*** Data extracts Section Begins ***

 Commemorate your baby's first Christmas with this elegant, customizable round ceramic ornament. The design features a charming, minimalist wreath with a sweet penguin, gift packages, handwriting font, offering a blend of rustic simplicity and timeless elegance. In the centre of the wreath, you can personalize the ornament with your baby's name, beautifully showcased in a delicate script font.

*** Data extracts Section Ends ***
*** Data extracts Section Begins ***

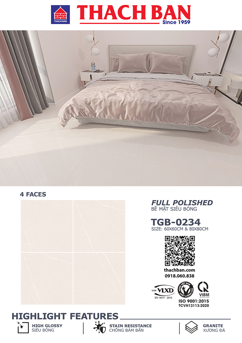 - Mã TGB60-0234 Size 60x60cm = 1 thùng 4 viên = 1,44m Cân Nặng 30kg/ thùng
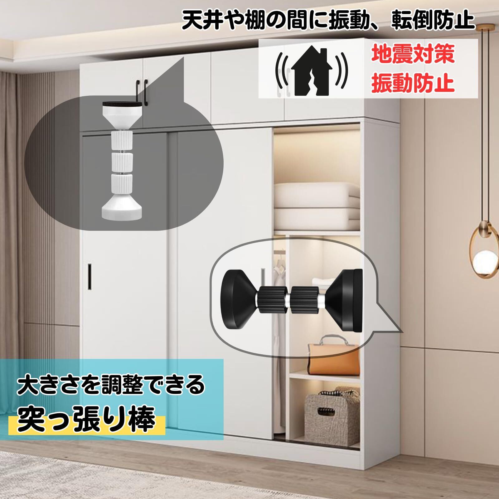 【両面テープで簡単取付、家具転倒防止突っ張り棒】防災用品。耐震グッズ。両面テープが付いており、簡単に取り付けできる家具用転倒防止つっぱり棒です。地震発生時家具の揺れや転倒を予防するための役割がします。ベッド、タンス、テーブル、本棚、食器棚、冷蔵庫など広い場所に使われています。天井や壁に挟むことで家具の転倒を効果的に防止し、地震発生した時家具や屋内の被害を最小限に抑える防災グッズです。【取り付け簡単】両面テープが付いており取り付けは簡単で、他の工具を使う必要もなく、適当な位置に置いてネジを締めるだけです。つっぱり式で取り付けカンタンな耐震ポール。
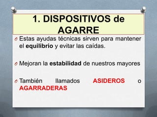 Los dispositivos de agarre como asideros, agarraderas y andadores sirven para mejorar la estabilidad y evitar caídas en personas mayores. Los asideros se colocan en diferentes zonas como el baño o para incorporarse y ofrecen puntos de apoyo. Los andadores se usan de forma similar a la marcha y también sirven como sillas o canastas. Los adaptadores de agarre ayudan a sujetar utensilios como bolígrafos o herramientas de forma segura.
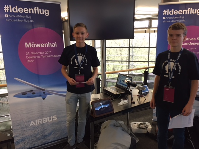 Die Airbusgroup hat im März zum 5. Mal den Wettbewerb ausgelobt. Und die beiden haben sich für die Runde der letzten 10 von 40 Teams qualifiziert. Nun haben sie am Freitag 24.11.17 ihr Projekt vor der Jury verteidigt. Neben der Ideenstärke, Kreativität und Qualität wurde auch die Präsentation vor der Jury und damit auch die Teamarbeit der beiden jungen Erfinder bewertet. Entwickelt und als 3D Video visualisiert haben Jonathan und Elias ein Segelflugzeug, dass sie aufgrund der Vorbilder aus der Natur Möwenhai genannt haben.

*** Data extracts Section Ends ***
*** Data extracts Section Begins ***

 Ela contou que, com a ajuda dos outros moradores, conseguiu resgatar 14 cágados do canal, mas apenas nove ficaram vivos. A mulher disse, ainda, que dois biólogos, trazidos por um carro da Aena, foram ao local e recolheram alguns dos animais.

*** Data extracts Section Ends ***

What's needed is an exact copy of the records above from the line containing "- Mã TGB60-0234" down to the line containing "Los dispositivos de", both included, without any pictures.

Reply:
 - Mã TGB60-0234 Size 60x60cm = 1 thùng 4 viên = 1,44m Cân Nặng 30kg/ thùng
 【両面テープで簡単取付、家具転倒防止突っ張り棒】防災用品。耐震グッズ。両面テープが付いており、簡単に取り付けできる家具用転倒防止つっぱり棒です。地震発生時家具の揺れや転倒を予防するための役割がします。ベッド、タンス、テーブル、本棚、食器棚、冷蔵庫など広い場所に使われています。天井や壁に挟むことで家具の転倒を効果的に防止し、地震発生した時家具や屋内の被害を最小限に抑える防災グッズです。【取り付け簡単】両面テープが付いており取り付けは簡単で、他の工具を使う必要もなく、適当な位置に置いてネジを締めるだけです。つっぱり式で取り付けカンタンな耐震ポール。
 Los dispositivos de agarre como asideros, agarraderas y andadores sirven para mejorar la estabilidad y evitar caídas en personas mayores. Los asideros se colocan en diferentes zonas como el baño o para incorporarse y ofrecen puntos de apoyo. Los andadores se usan de forma similar a la marcha y también sirven como sillas o canastas. Los adaptadores de agarre ayudan a sujetar utensilios como bolígrafos o herramientas de forma segura.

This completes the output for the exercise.